WHAT THE TASK ASKS >> Your copy runs from the line containing "AI Agent подходит" through the last line of the listing, both included. Restate those lines word for word and leave out pictures.

== RAW DATA

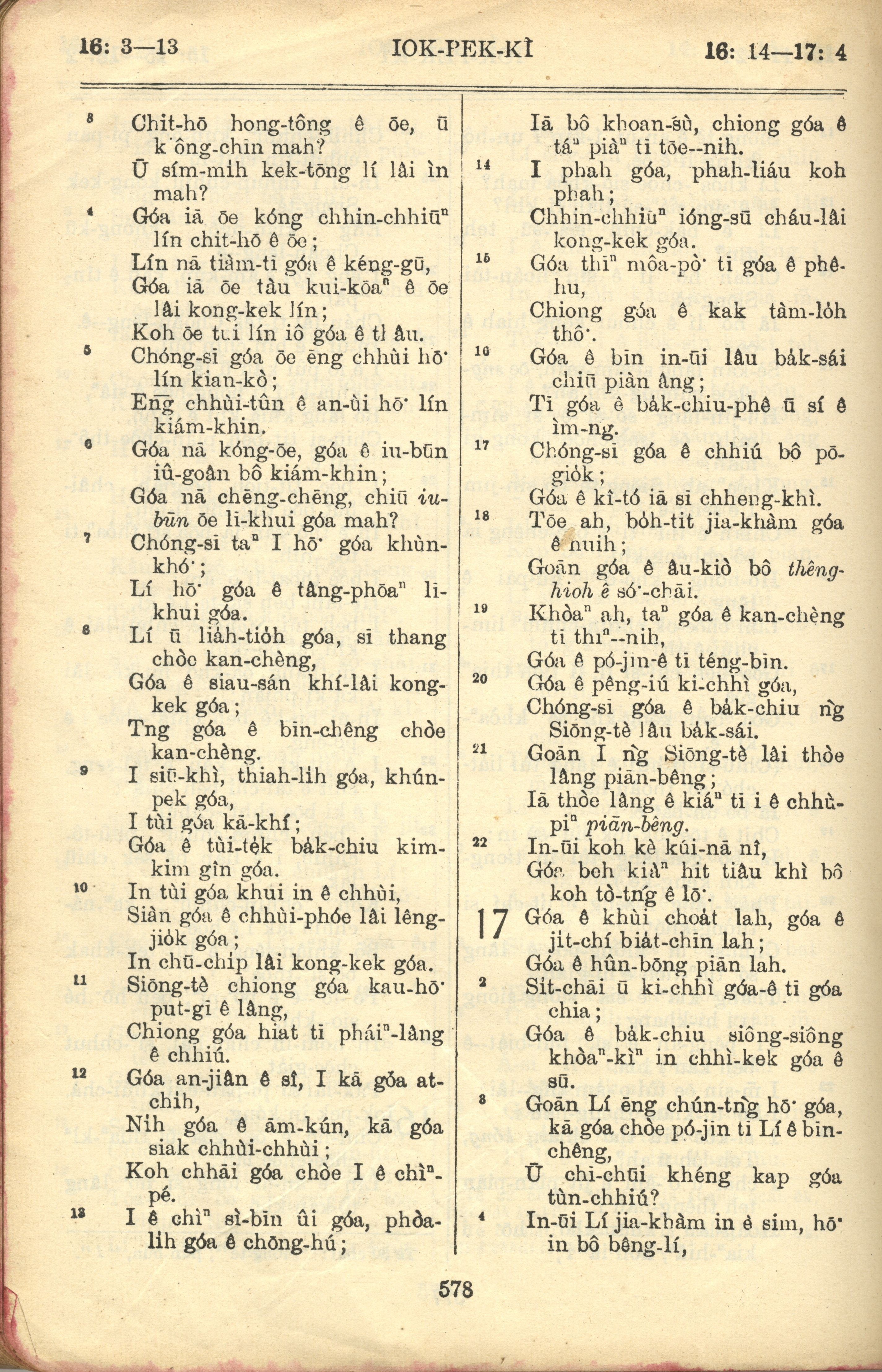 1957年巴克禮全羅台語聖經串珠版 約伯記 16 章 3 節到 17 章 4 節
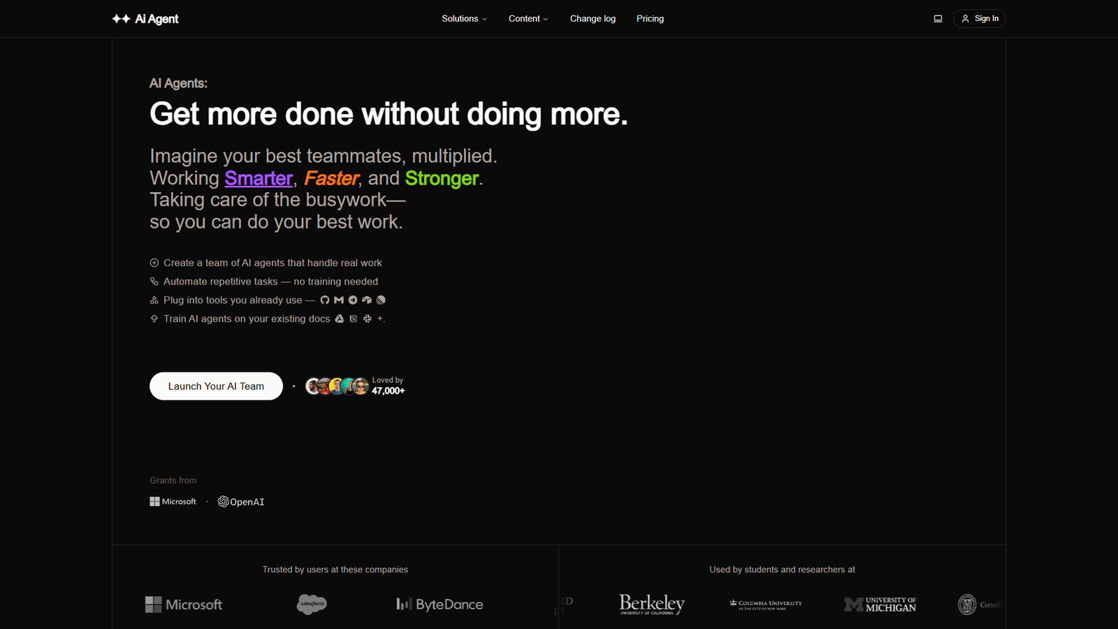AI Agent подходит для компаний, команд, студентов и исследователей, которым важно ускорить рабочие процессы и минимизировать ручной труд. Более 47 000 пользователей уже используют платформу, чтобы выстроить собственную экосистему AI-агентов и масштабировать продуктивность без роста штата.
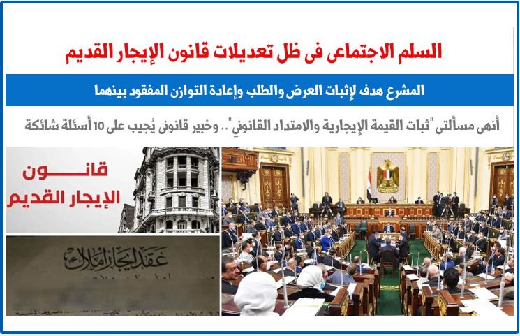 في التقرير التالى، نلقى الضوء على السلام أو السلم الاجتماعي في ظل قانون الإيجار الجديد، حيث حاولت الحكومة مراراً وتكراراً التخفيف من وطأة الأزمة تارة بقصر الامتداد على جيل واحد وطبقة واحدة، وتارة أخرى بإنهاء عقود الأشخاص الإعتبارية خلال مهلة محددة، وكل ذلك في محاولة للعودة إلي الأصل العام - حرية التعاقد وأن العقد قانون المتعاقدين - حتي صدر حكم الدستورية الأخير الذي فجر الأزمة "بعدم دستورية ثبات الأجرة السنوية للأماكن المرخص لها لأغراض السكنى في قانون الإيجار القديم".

====

TASK ANSWER >>
AI Agent подходит для компаний, команд, студентов и исследователей, которым важно ускорить рабочие процессы и минимизировать ручной труд. Более 47 000 пользователей уже используют платформу, чтобы выстроить собственную экосистему AI-агентов и масштабировать продуктивность без роста штата.
 في التقرير التالى، نلقى الضوء على السلام أو السلم الاجتماعي في ظل قانون الإيجار الجديد، حيث حاولت الحكومة مراراً وتكراراً التخفيف من وطأة الأزمة تارة بقصر الامتداد على جيل واحد وطبقة واحدة، وتارة أخرى بإنهاء عقود الأشخاص الإعتبارية خلال مهلة محددة، وكل ذلك في محاولة للعودة إلي الأصل العام - حرية التعاقد وأن العقد قانون المتعاقدين - حتي صدر حكم الدستورية الأخير الذي فجر الأزمة "بعدم دستورية ثبات الأجرة السنوية للأماكن المرخص لها لأغراض السكنى في قانون الإيجار القديم".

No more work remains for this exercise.